Let’s break this down further. We can examine the measurements returned from the call to erlang:memory()
by trying it out ourselves in iex
:
iex(1)> :erlang.memory()
[
total: 28544704,
processes: 5268240,
processes_used: 5267272,
system: 23276464,
atom: 339465,
atom_used: 317752,
binary: 58656,
code: 5688655,
ets: 515456
]
We can see that is contains a key of :total
, pointing to a value of the total amount of memory allocated to the Erlang VM.
Thus, a Telemetry event is executed with the name [vm, memory]
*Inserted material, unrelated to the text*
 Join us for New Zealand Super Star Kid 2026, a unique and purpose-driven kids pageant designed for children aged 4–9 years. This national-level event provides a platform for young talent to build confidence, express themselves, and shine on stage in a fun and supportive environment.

and a set of measurements including this total. When we invoke our Telemetry.Metrics.last_value/2
function, we are telling our reporter, TelemetryStatsD
, to attach a handler for this event and to respond to it by constructing a gauge metric with the value of the :total
key included in the provided measurements:
# lib/quantum/telemetry.ex
defp metrics do
[
last_value("vm.memory.total", unit: :byte)
]
end
The total_run_queue_lengths/0
Function
The total_run_queue_lengths/0
function measures the total VM run queue length, as well as the total CPU schedulers’ run queue length and passes those measurements to a call to telemetry:execute/3
:
% telemetry_poller/src/telemetry_poller_builtin.erl
total_run_queue_lengths() ->
Total = cpu_stats(total),
CPU = cpu_stats(cpu),
telemetry:execute([vm, total_run_queue_lengths], #{
total => Total,
cpu => CPU,
io => Total - CPU},
#{}).
To observe this event, we are specifying that our Telemetry pipeline attach a handler for the [vm, total_run_queue_lengths]
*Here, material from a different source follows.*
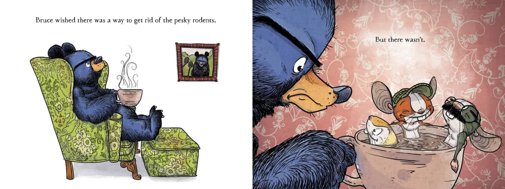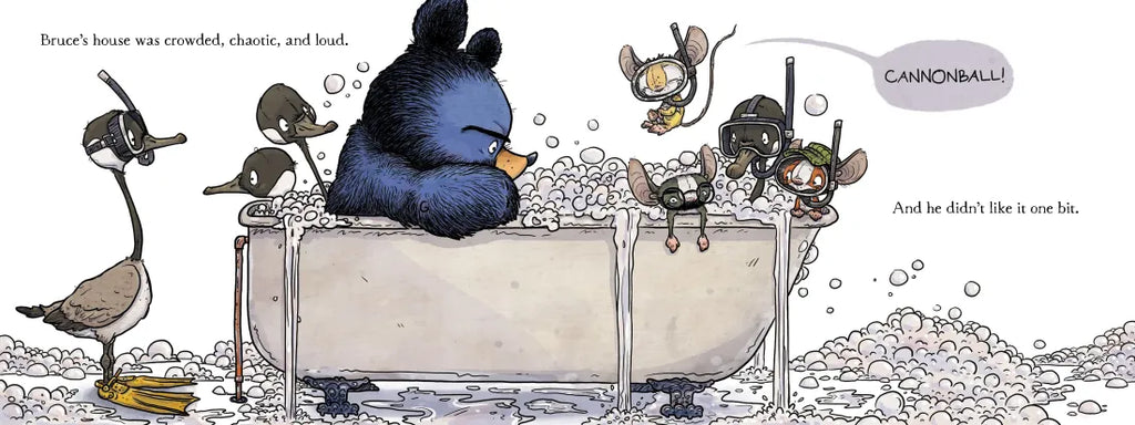 After the events of Hotel Bruce, our favorite curmudgeonly bear shares his home with not only his four geese, but three rowdy mice besides! Fed up with their shenanigans, Bruce sets off to find a rodent-free household. But as usual, nothing goes quite according to plan. . .

event and constructing two gauge metrics for every such event that is executed–one with the value of the total
measurement and one with the value of the cpu
measurement:
# lib/quantum/telemetry.ex
defp metrics do
[
last_value("vm.total_run_queue_lengths.total"),
last_value("vm.total_run_queue_lengths.cpu")
]
end
The system_counts/0
Function
The system_counts/0
function takes measurements including the total process count and executes a Telemetry event with these measurements via a call to telemetry:execute/3
:
system_counts() ->
ProcessCount = erlang:system_info(process_count),
PortCount = erlang:system_info(port_count),
telemetry:execute([vm, system_counts], #{
process_count => ProcessCount,
port_count => PortCount
}).
To observe this event, we are specifying that our Telemetry pipeline attach a handler for the [vm, system_counts]
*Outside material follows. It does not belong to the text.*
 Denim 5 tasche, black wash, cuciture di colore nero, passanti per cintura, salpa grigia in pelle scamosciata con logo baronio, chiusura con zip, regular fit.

event and construct a gauge metric with the value of the process_count
measurement for every such event:
# lib/quantum/telemetry.ex
defp metrics do
[
last_value("vm.system_counts.process_count")
]
end
Polling for Custom Measurements
You can also use the telemetry_poller
library to emit measurements describing custom processes or workers running in your app, or to emit custom measurements. See the docs here for more info.
Conclusion
Once again we’ve seen that Erlang and Elixir’s family of Telemetry libraries make it easy for us to achieve fairly comprehensive instrumentation with very little hand-rolled code. By adding the telemetry_poller
library to our dependencies, we’re ensuring our application will execute a set of Telemetry events describing Erlang VM measurements at regular intervals. We’re observing these events, formatting them and sending them to StatsD with the help of Telemetry.Metrics
and TelemetryMetricsStatsd
, allowing us to paint an even fuller picture of the state of our Phoenix app at any given time.